I'm using the person-detection-action-recognition-0006 model with a Neural Compute Strick 2 and a raspberry pi 4. I'm able to load the model in the NCS and getting the results of the branches but I do not know how to use them to compute the bounding boxes and the label of the recognized action. I'm using Python and I'm not fluent in C++ so the SmartClassroomDemo is not of any help. Can someone help me or point me in the right direction?
I'm attaching the code I'm using to load the model and to get the outps.
Thanks in Advance
May I know you are using this person-detection-action-recognition-0006 model with which OpenVINO sample application?
I suggest you try this out with your model : https://www.youtube.com/watch?v=OKH57mvO9k0
Good morning and thanks for the quick response. I'm not using the model inside one of the sample applications provided. I need to run the person-detection-action-recognition-0006 on a raspberry pi 4. So I installed the openvino toolkit on it. I already used the person and vehicle detection model in python but the output description was very straightforward so I had no problems interpreting the results. I need to detect people inside a video streaming and classify the action: "sitting, standing, raising hand" etc. Unfortunately, I'm able to get the results but I need help interpreting those results that are organized in branches.
Hope someone can help me.
Thanks in Advance
I'm sorry for the double answer. I also tried to use the object_detection_demo_ssd_async.py provided in the python demos folder. In the models.lst there is a voice person-detection-????. I thought that the person-detection-action-recognition-0006 could be used but when I try to run the script an error occurs saying :" unsupported model outputs".
In addition to that,
You need to train the model to recognize the actions that you expect as outcomes.
Hence, you need to feed the model with appropriate images.
Here is some idea on how you can do that: https://www.youtube.com/watch?v=ACtMs0ETpBg
Once you feed the model with appropriate images, you may get the output as here: https://docs.openvinotoolkit.org/2020.3/_models_intel_person_detection_action_recognition_0006_description_person_detection_action_recognition_0006.html
Thanks for the effort
I'm already using the person-detection-action-recognition-0006 pre trained model. I have loaded it inside the NCS and afforded to get the results regarding a test picture I use as input. The problem is that I do not understand how to compute the bounding boxes and the classes from the results.

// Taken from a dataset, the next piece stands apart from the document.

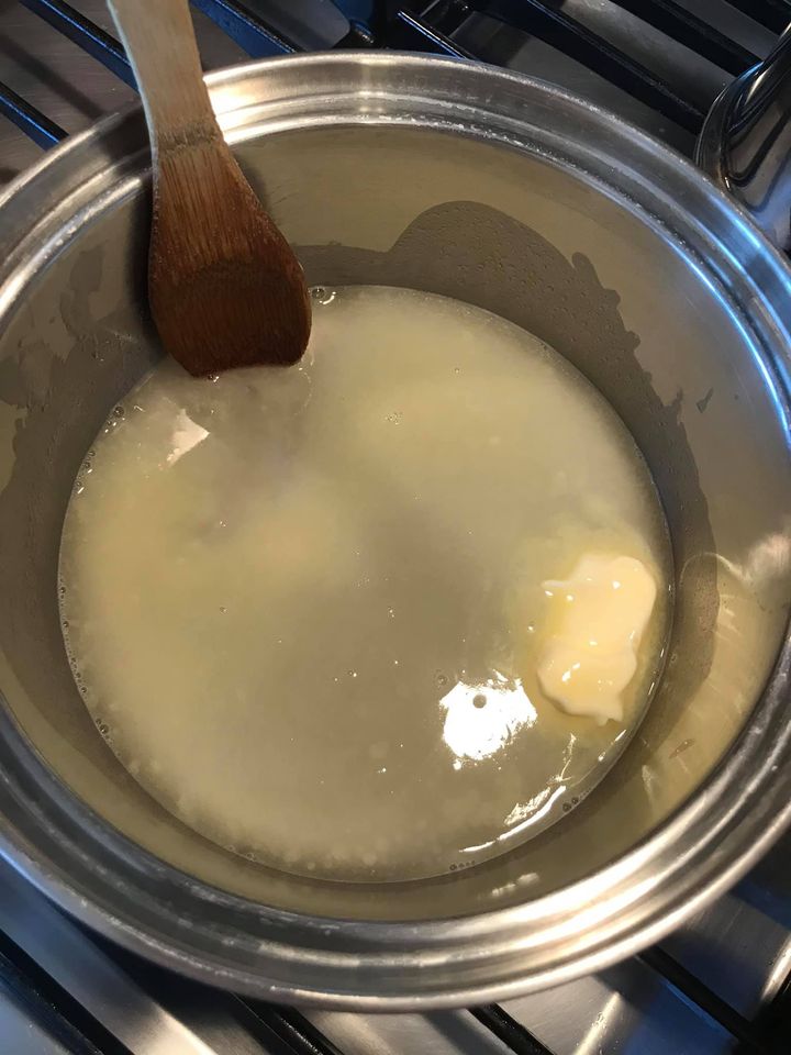 1) Σε μια κατσαρόλα που βάζουμε σε μέτρια υψηλή θερμοκρασία, προσθέτουμε νερό, βούτυρο, ζάχαρη και αλάτι, ανακατεύουμε και αφήνουμε όλα να συνδυαστούν και βράστε,
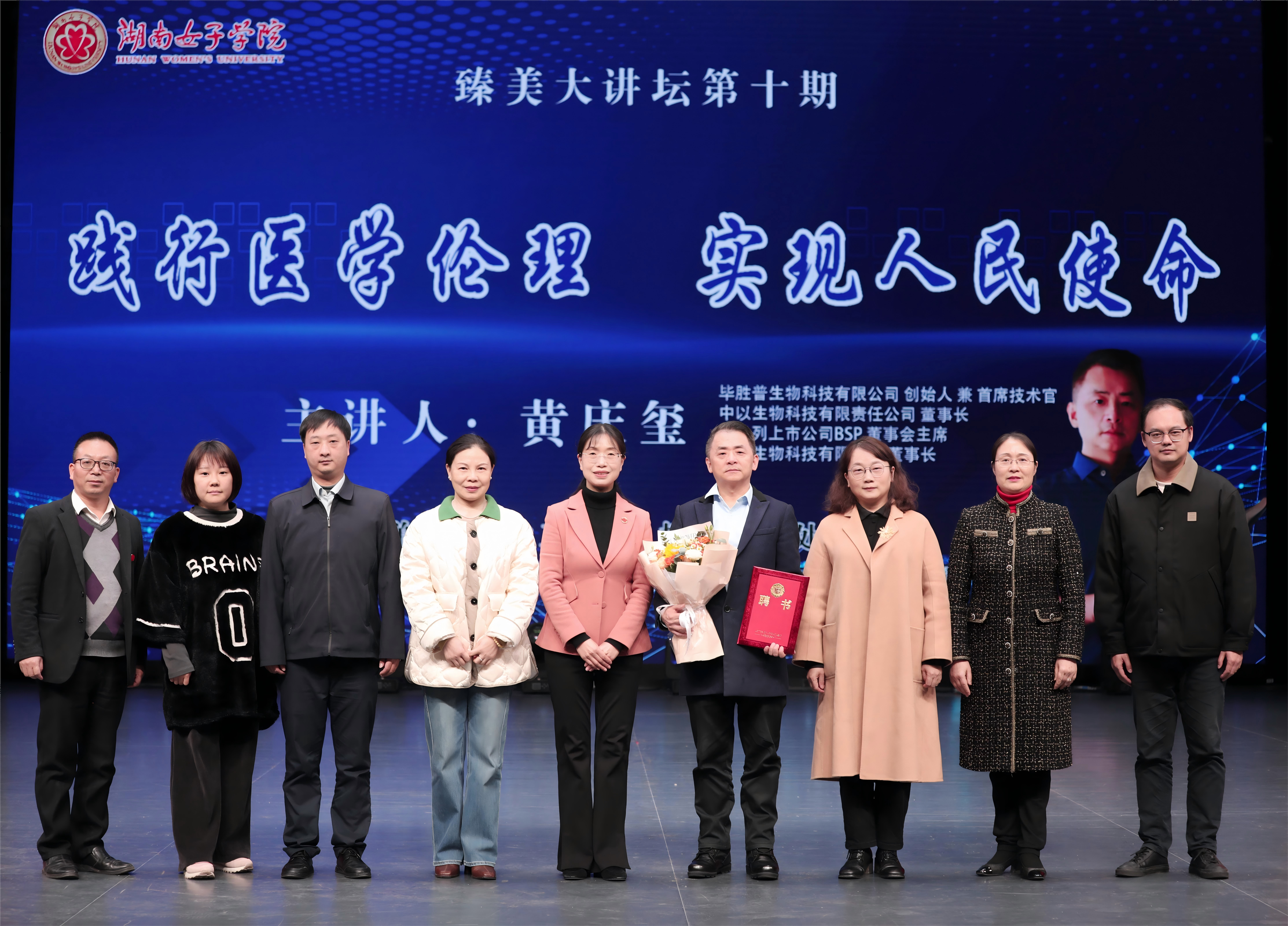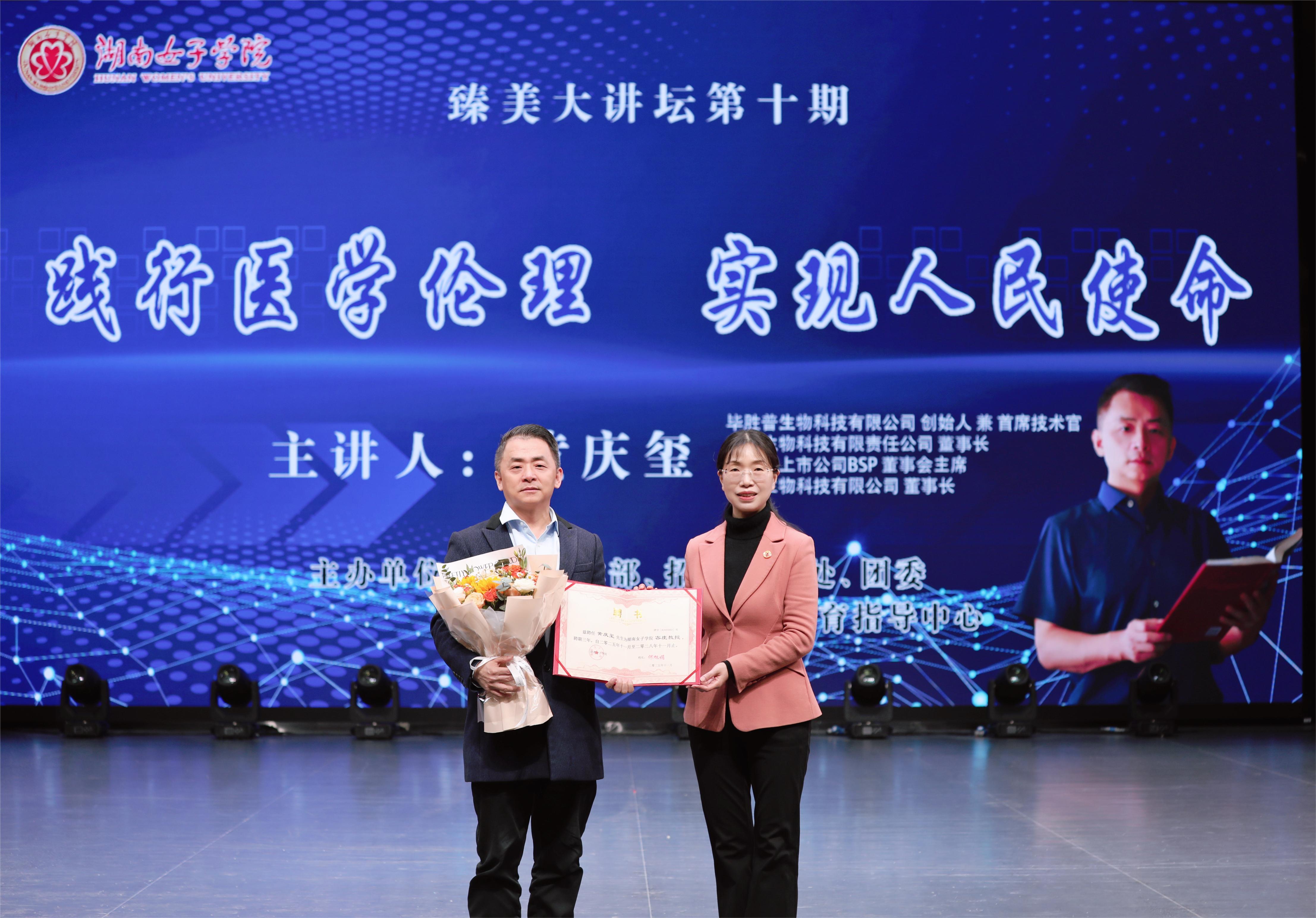 本网讯(学工部 朱晟 刘阳)11月18日下午,我校第十期“臻美大讲坛”在求实楼骄杨剧场举行,中国生物科技领域优秀企业家黄庆玺应邀来校作“践行医学伦理,实现人民使命”主题讲座。党委副书记、校长何旭娟出席并为黄庆玺颁发“客座教授”聘书。学生工作部、招生就业处、产教融合与创新创业教育指导中心、团委等相关职能部门负责人、各二级学院党委(党总支)副书记、全体辅导员及学生代表共800余人现场聆听报告。讲座由党委委员、副校长周艳红主持。

The OpenVINO samples usually automatically done it.
When inference is done, the application outputs data to the standard output stream and creates an output image with bounding boxes drawn atop the initial image.
The only example that use this model is the Smart Classroom Demo that is only in C++ and use also other pretrained models. Unfortunately, I'm not fluent in C++ and I have to use this model with the python Api. For this reason I'm asking if there is some example/tutorial for python to interpret the results of the person-detection-actoin-recognition-0006 in python or if someone can point me in the right direction to do it myself.
Thanks in advance
Currently, we only have Smart Classroom demo which is written on C++ https://github.com/openvinotoolkit/open_model_zoo/tree/master/demos/smart_classroom_demo
And unfortunately so far it has not been ported to Python.
Alternatively, you could take a look at similar but yet different action recognition algorithm implemented in 2 steps (and thus 2 models: encoder and decoder) and Python application:
Action Recognition demo - https://github.com/openvinotoolkit/open_model_zoo/tree/master/demos/python_demos/action_recognition
Intel will no longer monitor this thread since we have provided a solution. If you need any additional information from Intel, please submit a new question.